## EXERCISE REQUIREMENTS
Output nothing but the lines from the one holding "и микроволновку с" to the end of the listing. Reproduce them exactly, without the pictures.

- - - - -

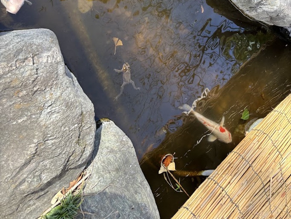 池の中には鯉だけでなくカエルもいます。カエルは大きめでプカプカと浮かんでいる姿がとてもおもしろくて、子供も興味津々で観察していました。
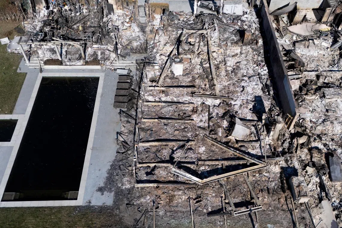 Aerial view of a site taken on Jan 16, 2025, in Malibu, California, where houses were destroyed by the Palisades Fire.
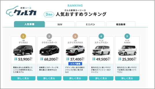 ■新車カーリース「クルカ」 3月人気車種ランキング|https://newcar.shop/
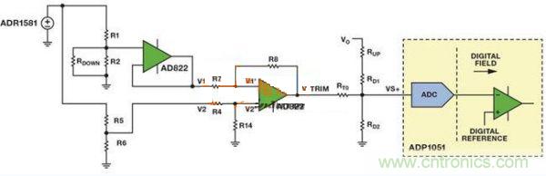 圖5中的電路具有兼容模擬向上或者向下調(diào)壓的功能兩個電阻分壓器產(chǎn)生兩個基準電壓,其中一個基準電壓表示模擬控制器所需的輸出基準電壓,另一個表示內(nèi)部基準電壓。利用一個電壓跟隨器來避免所需的輸出基準電壓與后續(xù)電路相互影響。利用AD822 FET輸入運算放大器,將所需的輸出基準電壓(V1)從模擬控制器的內(nèi)部基準電壓(V2)中去除,得到所需的電壓差。此電路的線性放大增益確保了VTRIM足夠大,從而能對VVS+產(chǎn)生影響。
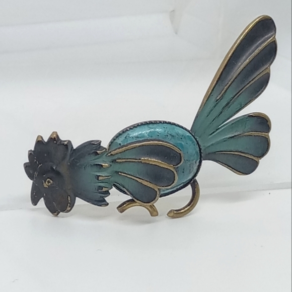 * vintage Made in Germany Blue jelly belly rooster chicken bird pin brooch
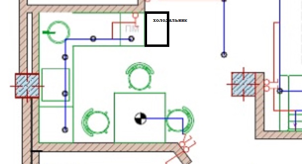 и микроволновку с варочной хочу засунуть в пенал в углу около стола(по дизайн проекту у нас там холодильник сейчас, но думаю неудобно будет, вечно во время трапезы дополнительно достаем что-то из холодильника
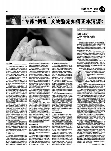 在整个国内文物鉴定市场上,鉴定专家的问题只是一个方面,正如贾文忠所言:“文物鉴定市场的乱不仅仅只出在鉴定家上,古玩出版业也很乱。因为传媒出版业很发达,很多人甚至拿着杂志、书本去市场上买东西。但是问题在于,现在出版信息都很混乱,有的甚至是错误的。只要有书号就能出书,根本无人审核。现在文物界唯一能相信的出版物就是《考古发掘报告》。”贾文忠指出,文物鉴定市场之乱并非仅体现在一个方面,而是呈现出链条式的连带关系,比如出版业、拍卖业、传媒业等。
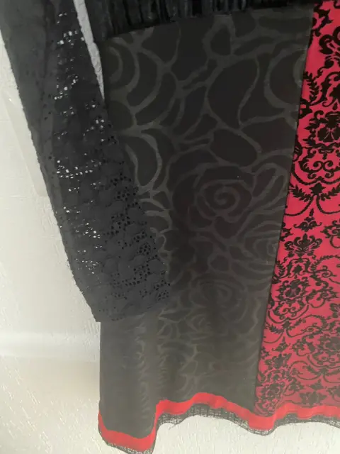 Vestido desigual rojo y negro. Hermoso vestido con diferentes aplicaciones y estilos de tela en rojo y negro, con encaje en los brazos. Talla L, 50% algodón y 50% poliéster. Largo 62cm, cintura 35cm. Marca Karla Love, único! No lo vas a encontrar igual.
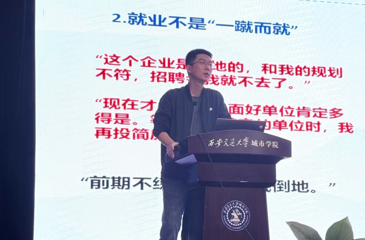 吴昊翔老师结合国内外经济形势及国际环境、国内就业形势和学校就业情况进行讲解。他表示,第一,要认清就业形势,明确就业目标。要充分了解土建行业发展趋势,客观认识目前就业现状;第二,要把握黄金时期,抢先签约就业。要主动出击,抢抓机遇,积极参与各类招聘活动,充分利用学校、学院资源,广泛搜集就业信息,争取在最佳时机达成就业意向,获得工作岗位。第三,细致打磨个人简历,使之与岗位需求高度契合。同时,保持敏锐的市场洞察力,灵活调整职业规划,选择最合适自己的赛道。
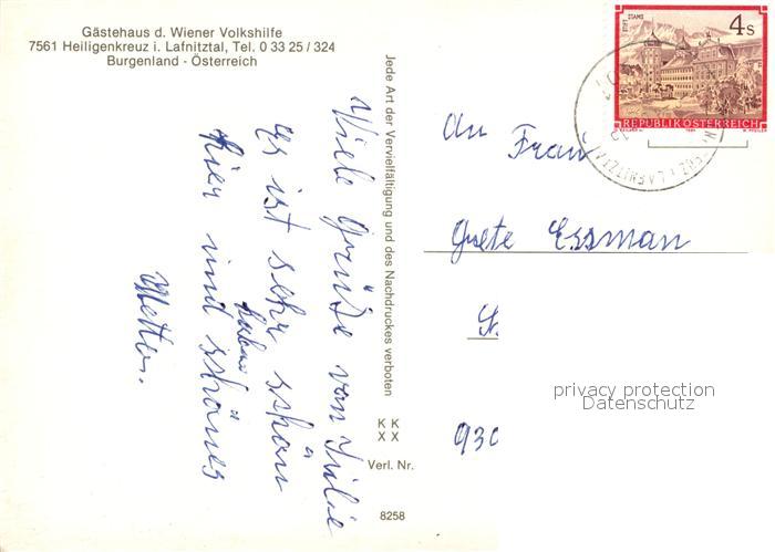 73162336 alte Postkarte Heiligenkreuz Lafnitztal Gaestehaus der Wiener Volkshilfe postalisch gelaufen Erhaltung siehe scans [FriedD77] KatCode: 11390113010503

- - - - -

## RESPONSE
 и микроволновку с варочной хочу засунуть в пенал в углу около стола(по дизайн проекту у нас там холодильник сейчас, но думаю неудобно будет, вечно во время трапезы дополнительно достаем что-то из холодильника
 在整个国内文物鉴定市场上,鉴定专家的问题只是一个方面,正如贾文忠所言:“文物鉴定市场的乱不仅仅只出在鉴定家上,古玩出版业也很乱。因为传媒出版业很发达,很多人甚至拿着杂志、书本去市场上买东西。但是问题在于,现在出版信息都很混乱,有的甚至是错误的。只要有书号就能出书,根本无人审核。现在文物界唯一能相信的出版物就是《考古发掘报告》。”贾文忠指出,文物鉴定市场之乱并非仅体现在一个方面,而是呈现出链条式的连带关系,比如出版业、拍卖业、传媒业等。
 Vestido desigual rojo y negro. Hermoso vestido con diferentes aplicaciones y estilos de tela en rojo y negro, con encaje en los brazos. Talla L, 50% algodón y 50% poliéster. Largo 62cm, cintura 35cm. Marca Karla Love, único! No lo vas a encontrar igual.
 吴昊翔老师结合国内外经济形势及国际环境、国内就业形势和学校就业情况进行讲解。他表示,第一,要认清就业形势,明确就业目标。要充分了解土建行业发展趋势,客观认识目前就业现状;第二,要把握黄金时期,抢先签约就业。要主动出击,抢抓机遇,积极参与各类招聘活动,充分利用学校、学院资源,广泛搜集就业信息,争取在最佳时机达成就业意向,获得工作岗位。第三,细致打磨个人简历,使之与岗位需求高度契合。同时,保持敏锐的市场洞察力,灵活调整职业规划,选择最合适自己的赛道。
 73162336 alte Postkarte Heiligenkreuz Lafnitztal Gaestehaus der Wiener Volkshilfe postalisch gelaufen Erhaltung siehe scans [FriedD77] KatCode: 11390113010503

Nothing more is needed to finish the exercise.